И чего же мы достигли? Результатов странных: главное, все на нас в Европе смотрят с насмешкой, а на лучших и бесспорно умных русских в Европе смотрят с высокомерным снисхождением. Не спасала их от этого высокомерного снисхождения даже и самая эмиграция из России, то есть уже политическая эмиграция и полнейшее от России отречение. Не хотели европейцы нас почесть за своих ни за что, ни за какие жертвы и ни в каком случае: Grattez, дескать, le russe et vous verrez le tartare, и так и доселе. Мы у них в пословицу вошли. И чем больше мы им в угоду презирали нашу национальность, тем более они презирали нас самих. Мы виляли пред ними, мы подобострастно исповедовали им наши «европейские» взгляды и убеждения, а они свысока нас не слушали и обыкновенно прибавляли с учтивой усмешкой, как бы желая поскорее отвязаться, что мы это всё у них «не так поняли». Они именно удивлялись тому, как это мы, будучи такими татарами (les tartares), никак не можем стать русскими; мы же никогда не могли растолковать им, что мы хотим быть не русскими, а общечеловеками. Правда, в последнее время они что-то даже поняли. Они поняли, что мы чего-то хотим, чего-то им страшного и опасного; поняли, что нас много, сто пятьдесят миллионов, что мы знаем и понимаем все европейские идеи, а что они наших русских идей не знают, а если и узнают, то не поймут; что мы говорим на всех языках, а что они говорят лишь на одних своих,— ну и многое еще они стали смекать и подозревать. Кончилось тем, что они прямо обозвали нас врагами и будущими сокрушителями европейской цивилизации. Вот как они поняли нашу страстную цель стать общечеловеками!
А между тем нам от Европы никак нельзя отказаться. Европа нам второе отечество,— я первый страстно исповедую это и всегда исповедовал. Европа нам почти так же всем дорога, как Россия; в ней всё Афетово племя, а наша идея — объединение всех наций этого племени, и даже дальше, гораздо дальше, до Сима и Хама. Как же быть?
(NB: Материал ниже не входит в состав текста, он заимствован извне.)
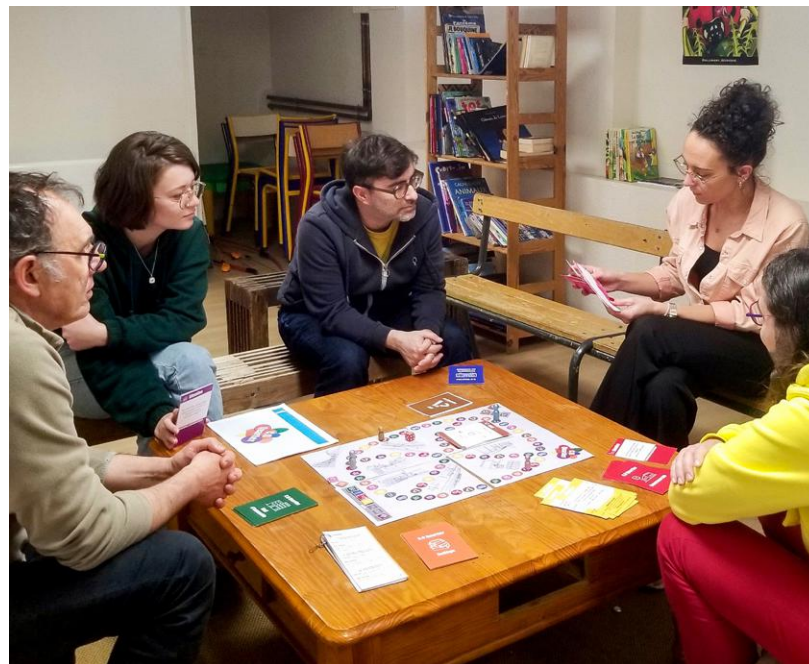
↑ Un groupe d'éducateurs a imaginé Co Quartier, un jeu de société permettant d'aborder le vivre ensemble avec les collégiens.

➤ Plus d'infos : Marie Pincet 06 17 47 30 14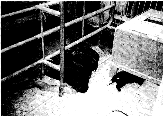
第5図 分娩室で暖房室を設けて哺乳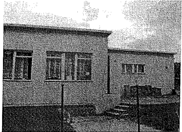
Stan istniejący świetlicy wiejskiej – widok z zewnątrz, aktualny stan techniczny.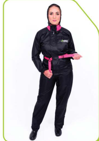
Gola alta e cinto coloridos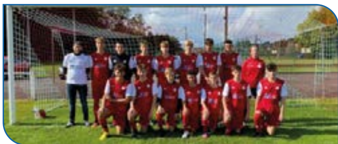
Bravo à l'équipe Fanion qui a été Championne d'Automne, en 2022 !

2022 - Les membres du football-club se joignent à moi pour vous remercier de vos dons lors de notre passage pour les cartes de membres.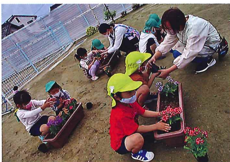
春期緑化運動 (津市 芸濃こども園)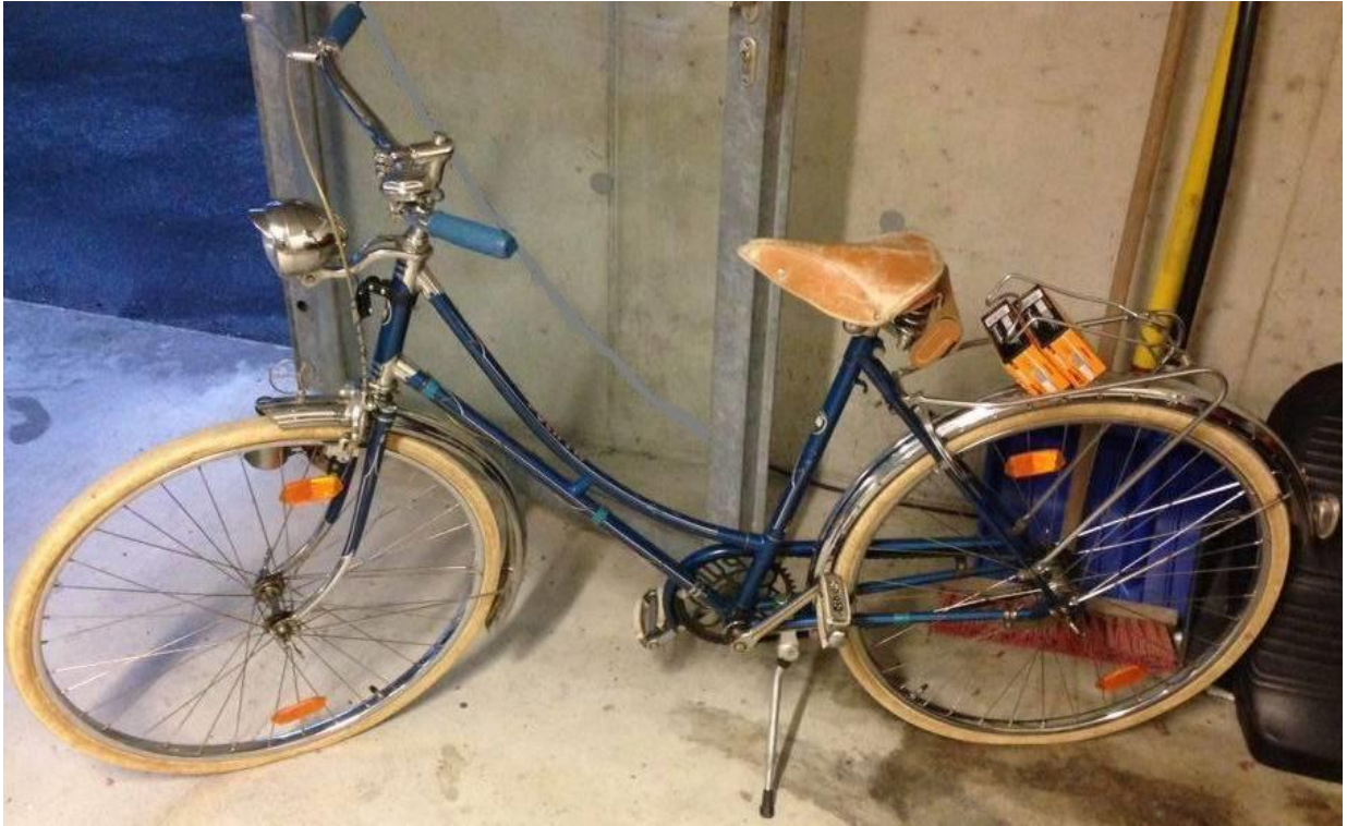
"Ein paar Bilder von meinem Püchle". Ein schönes S50 mit Daimler-Kotflügelabzeichen, 1950er-Jahre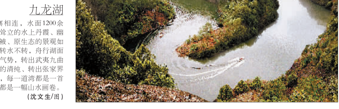
九龙湖 (Jiulong Lake) 九龙湖与竹安寨相连，水面1200余亩，纵深24公里。其冷立的水上丹霞、幽深的峡谷、苍翠的植被、原生态的景观如梦如幻。九龙湖山不转水转，舟行湖面却能转出长江三峡的气势，转出武夷九曲的情调，转出九寨沟的清幽，转出张家界的神韵……远观近游，每一道湾都是一首诗仙绝唱；每一座山都是一幅山水画卷。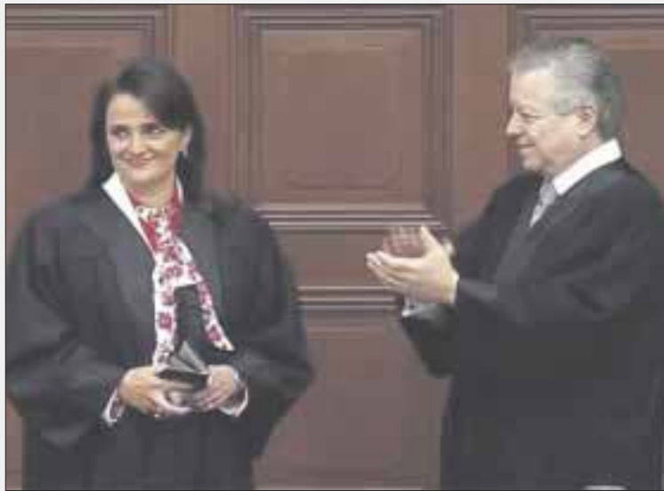
Margarita Ríos Farjat rindió protesta como ministra de la SCJN para los próximos 15 años.

El presidente de la Suprema Corte de Justicia de la Nación (SCJN), Arturo Zaldívar, afirmó que este lunes es un día histórico, pues por primera vez desde la reforma de 1994 habrá tres ministras en el máximo tribunal con la llegada de Margarita Ríos Farjat.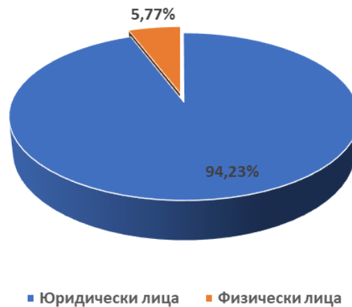
Акционерна структура на ФЕЕИ АДСИЦ към 31.03.2018г.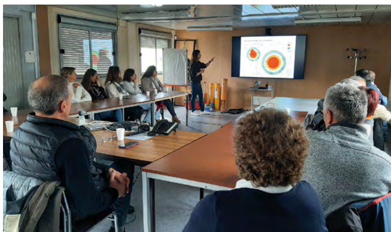
Agents et élus en visite sur le site Ruggieri le 14 novembre 2024

Tous les 3 ans, un exercice PPI (Plan Particulier d'Intervention) est organisé avec la mairie, l'entreprise et la Préfecture pour tester la réaction de tous les acteurs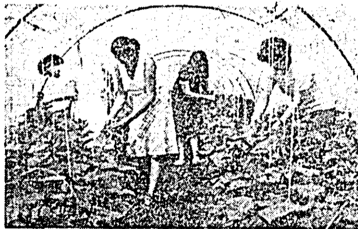
Muncă atentă, grijă și responsabilitate, la Stațiunea de producție și cercetare legumicolă Aradul Nou.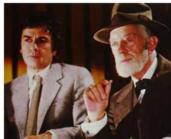
1983 LOVESICK (Lovesick) de Marshall Brickman avec Dudley Moore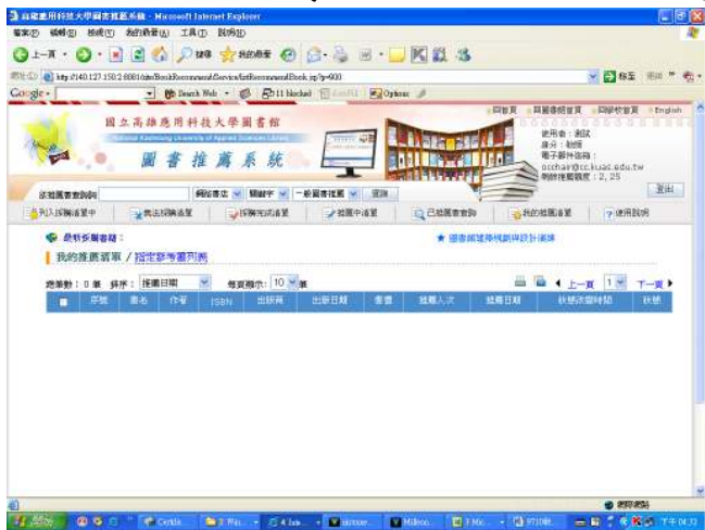
我的推薦清單—指定參考書列表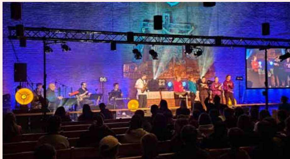
Det spares ikke på noe når ungdomslederne inviterer alle konfirmanter i Gjøvik kirkekommune til Kickoff i Hunn kirke.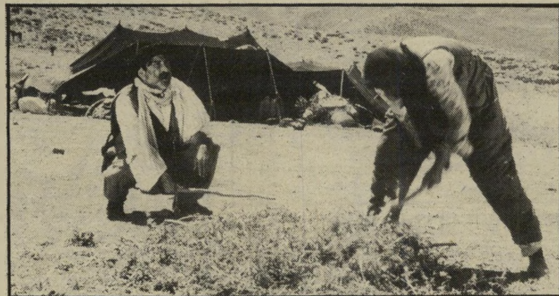
האב הפטריארך הרודף את כלתו תורכיה מגררת

בהם היה ברדלס הזהב בפסטיבל הסרטים בלוקארנו. עלילת הסרט מתרכזת סביב מישפחת רועים כורדית (מוצאו של גיני ממישפחה רומה לואת, אבל מן הפרולטריון העירוני) שנעה ונדה עם אבוליה באזור השומם והמרוחק של אנאטוליה,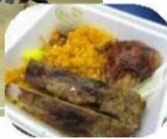
▲SPC高生と食べた昼食

修学旅行2日目、天候は曇り。午前はセントポールクリスチャン高校（以下SPC高校）との交流、午後にはクラス別島内観光が行われた。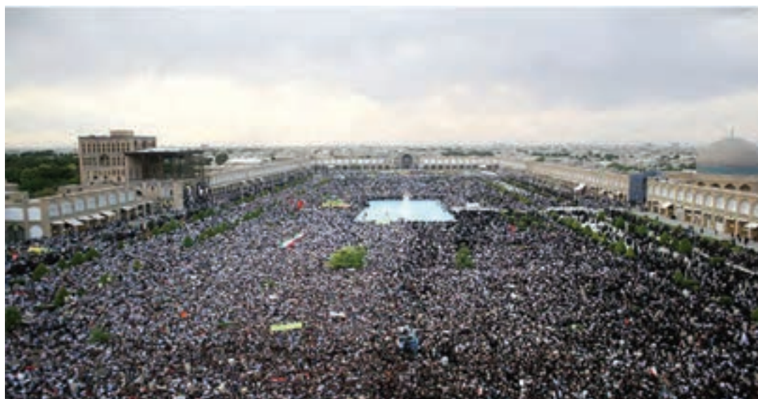
شکل ۲۴-۲- انبوهی جمعیت در میدان امام (نقش جهان) اصفهان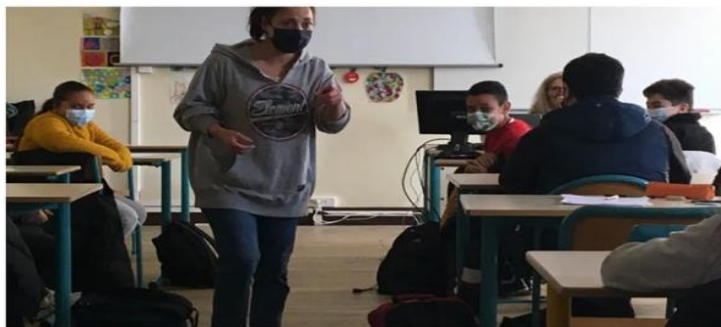
Le harcèlement scolaire évoqué dans une pièce de théâtre face aux élèves de 6ème du collège Georges de la Tour à Metz

Comment aborder le plus sereinement possible un sujet aussi douloureux que le harcèlement scolaire ? Les élèves de 6ème du collège Georges de la Tour, à Metz, ont pu le faire grâce à une pièce de théâtre. Certains connaissaient déjà le sujet : le harcèlement peut commencer dès l'école primaire.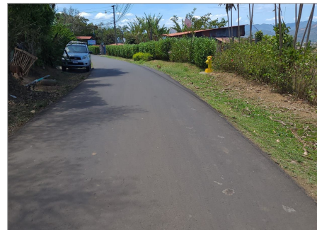
Entorno de propiedad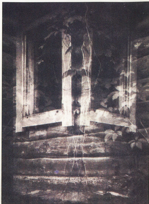
Foto/autortehnika: Helēna NUKŠA-HOFMANE [ASV] SAPYNS /TĀVA SĀTA 1991 [27,6 X 20,8 cm]

Sadarbībā ar Latvijas Fotogrāfijas muzeju atbalsta sia "J. Vītiņš un kompanjoni" "ACD – Fotoforma"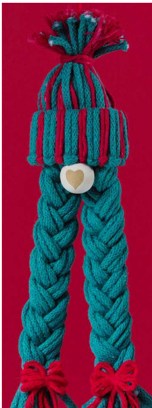
Elfka Pomocnica Mikołaja - rurka z rolki papieru toaletowego, sznurek do makramy, koralek drewniany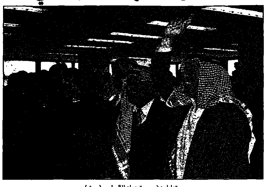
تداول في سوق عمان المالي امس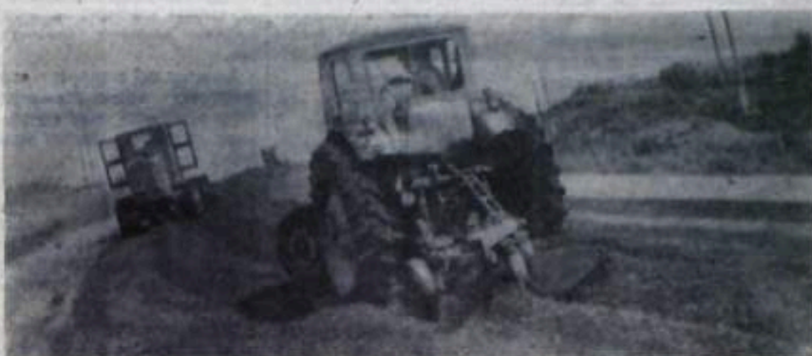
На строительстве дороги.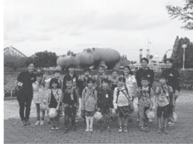
「かがやき班」で東武動物公園へ

Стать русскими во-первых и прежде всего. Если общечеловечность есть идея национальная русская, то прежде всего надо каждому стать русским, то есть самим собой, и тогда с первого шагу всё изменится. Стать русским значит перестать презирать народ свой. И как только европеец увидит, что мы начали уважать народ наш и национальность нашу, так тотчас же начнет и он нас самих уважать. И действительно: чем сильнее и самостоятельнее! развились бы мы в национальном духе нашем, тем сильнее и ближе отозвались бы европейской душе и, породнившись с нею, стали бы тотчас ей понятнее. Тогда не отвертывались бы от нас высокомерно, а выслушивали бы нас. Мы и на вид тогда станем совсем другие. Став самими собой, мы получим наконец облик человеческий, а не обезьяний. Мы получим вид свободного существа, а не раба, не лакея, не Потугина; нас сочтут тогда за людей, а не за международную обшмыгу, не за стрюцких европеизма, либерализма и социализма. Мы и говорить будем с ними умнее теперешнего, потому что в народе нашем и в духе его отыщем новые слова, которые уж непременно станут европейцам понятнее. Да и сами мы поймём тогда, что многое из того, что мы презирали в народе нашем, есть не тьма, а именно свет, не глупость, а именно ум, а поняв это, мы непременно произнесем в Европе такое слово, которого там еще не слыхали. Мы убедимся тогда, что настоящее социальное слово несет в себе не кто иной, как народ наш, что в идее его, в духе его заключается живая потребность всеединения человеческого, всеединения уже с полным уважением к национальным личностям и к сохранению их, к сохранению полной свободы людей и с указанием, в чем именно эта свобода и заключается,— единение любви, гарантированное уже делом, живым примером, потребностью на деле истинного братства, а не гильотиной, не миллионами отрубленных голов…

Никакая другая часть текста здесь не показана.